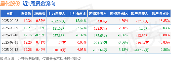 资金流向数据方面,本周晨化股份主力资金合计净流出889.32万元,游资资金合计净流出362.8万元,散户资金合计净流入1252.12万元。本周资金流向一览见下表:
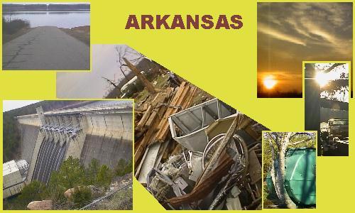 (Counter-Clockwise, from top, left) - Dammit! Where's the road? This road, near Heber Springs, disappeared when they built the dam, below. ::: Damage from a twister, near Floral. They're so common around here, they call the part of the state "Tornado Alley." ::: A tree grows around a camper at a hunting camp. ::: Sunrise at Fisher Camp. ::: The requisite sunset.
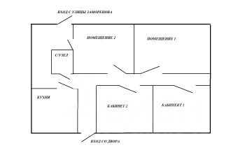 Помещение нежилого назначения: кухня, 2 кабинета и 2 больших помещения.
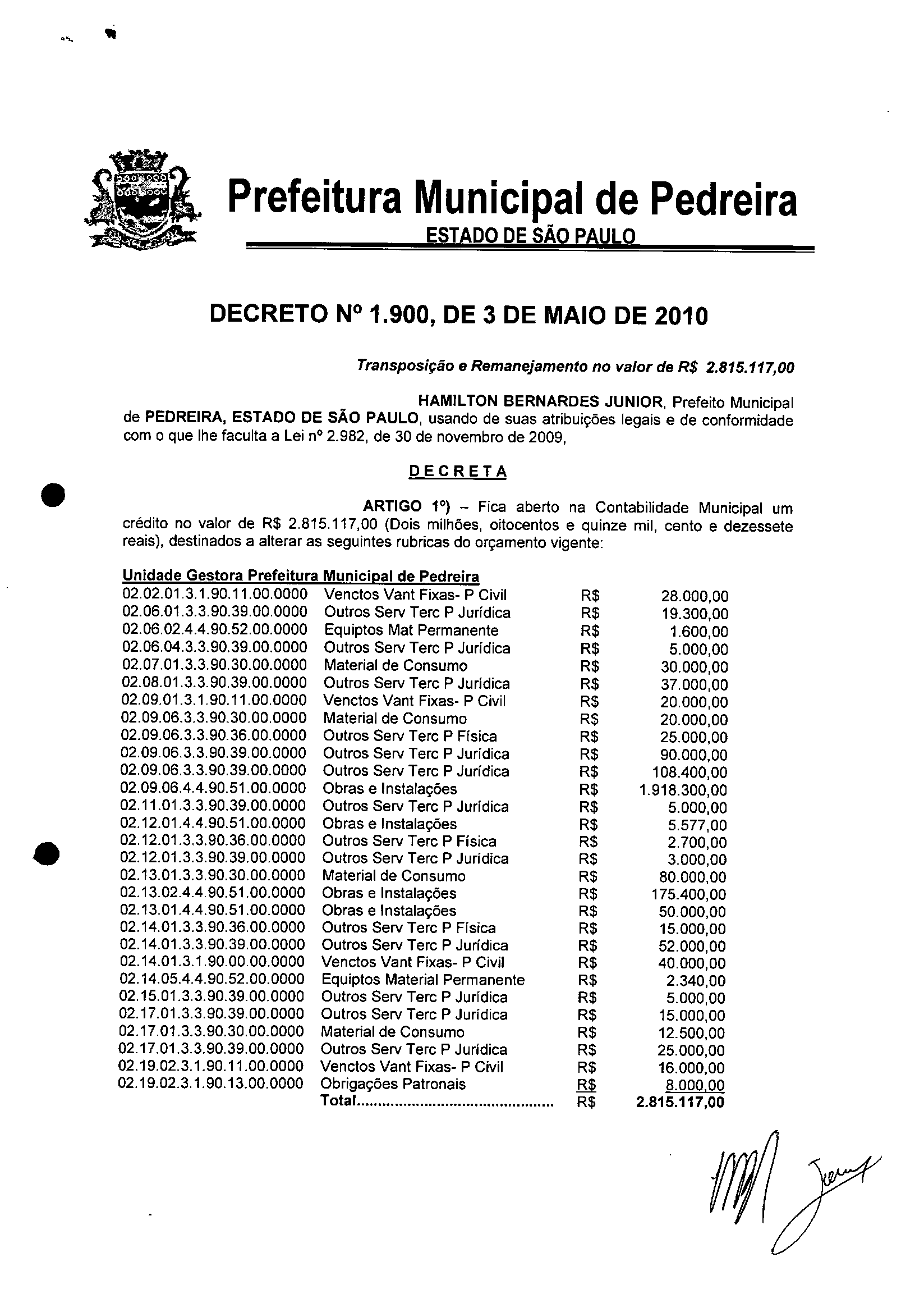 Ementa: Transposição e Remanejamento no valor de R$ 2.815.117,00

################

> **What you have to do**
Only the lines from the one containing "Помещение нежилого назначения: кухня, 2" through the end of the listing above should be reproduced, exactly as they stand. Leave the pictures out.

> **Solution to this problem**
 Помещение нежилого назначения: кухня, 2 кабинета и 2 больших помещения.
 Ementa: Transposição e Remanejamento no valor de R$ 2.815.117,00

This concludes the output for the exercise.